** Task prompt **
Would you write out the lines below exactly, from the one containing "浴室的内饰配色采用了黑色和灰" to the very last, but without the pictures?

** Supplied information **
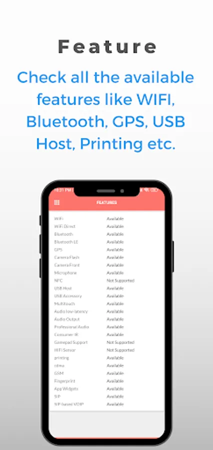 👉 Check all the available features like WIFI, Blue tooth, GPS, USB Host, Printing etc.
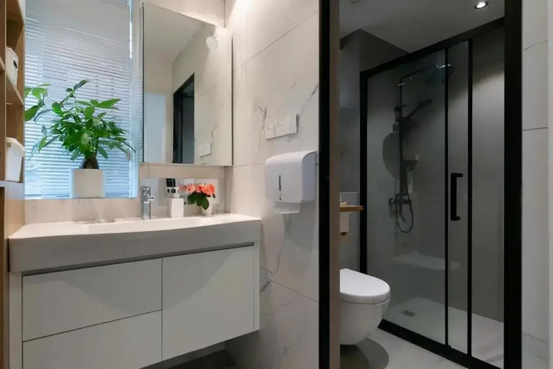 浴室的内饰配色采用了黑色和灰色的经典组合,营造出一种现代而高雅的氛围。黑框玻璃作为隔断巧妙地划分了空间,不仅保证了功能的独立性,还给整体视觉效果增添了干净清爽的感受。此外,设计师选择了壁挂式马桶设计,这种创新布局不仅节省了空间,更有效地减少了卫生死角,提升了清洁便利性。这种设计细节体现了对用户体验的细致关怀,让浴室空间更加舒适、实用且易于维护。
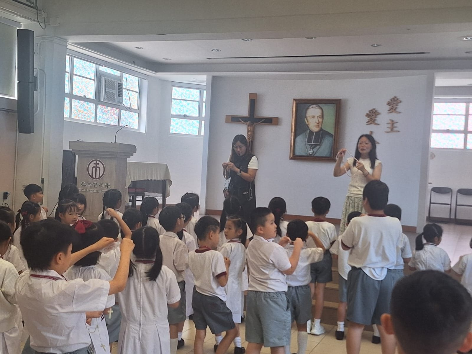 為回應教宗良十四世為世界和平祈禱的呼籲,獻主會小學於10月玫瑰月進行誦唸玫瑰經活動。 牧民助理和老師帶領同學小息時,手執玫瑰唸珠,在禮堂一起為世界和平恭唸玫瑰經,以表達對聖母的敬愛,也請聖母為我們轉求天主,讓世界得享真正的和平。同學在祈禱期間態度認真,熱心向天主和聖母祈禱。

** Exercise result **
 浴室的内饰配色采用了黑色和灰色的经典组合,营造出一种现代而高雅的氛围。黑框玻璃作为隔断巧妙地划分了空间,不仅保证了功能的独立性,还给整体视觉效果增添了干净清爽的感受。此外,设计师选择了壁挂式马桶设计,这种创新布局不仅节省了空间,更有效地减少了卫生死角,提升了清洁便利性。这种设计细节体现了对用户体验的细致关怀,让浴室空间更加舒适、实用且易于维护。
 為回應教宗良十四世為世界和平祈禱的呼籲,獻主會小學於10月玫瑰月進行誦唸玫瑰經活動。 牧民助理和老師帶領同學小息時,手執玫瑰唸珠,在禮堂一起為世界和平恭唸玫瑰經,以表達對聖母的敬愛,也請聖母為我們轉求天主,讓世界得享真正的和平。同學在祈禱期間態度認真,熱心向天主和聖母祈禱。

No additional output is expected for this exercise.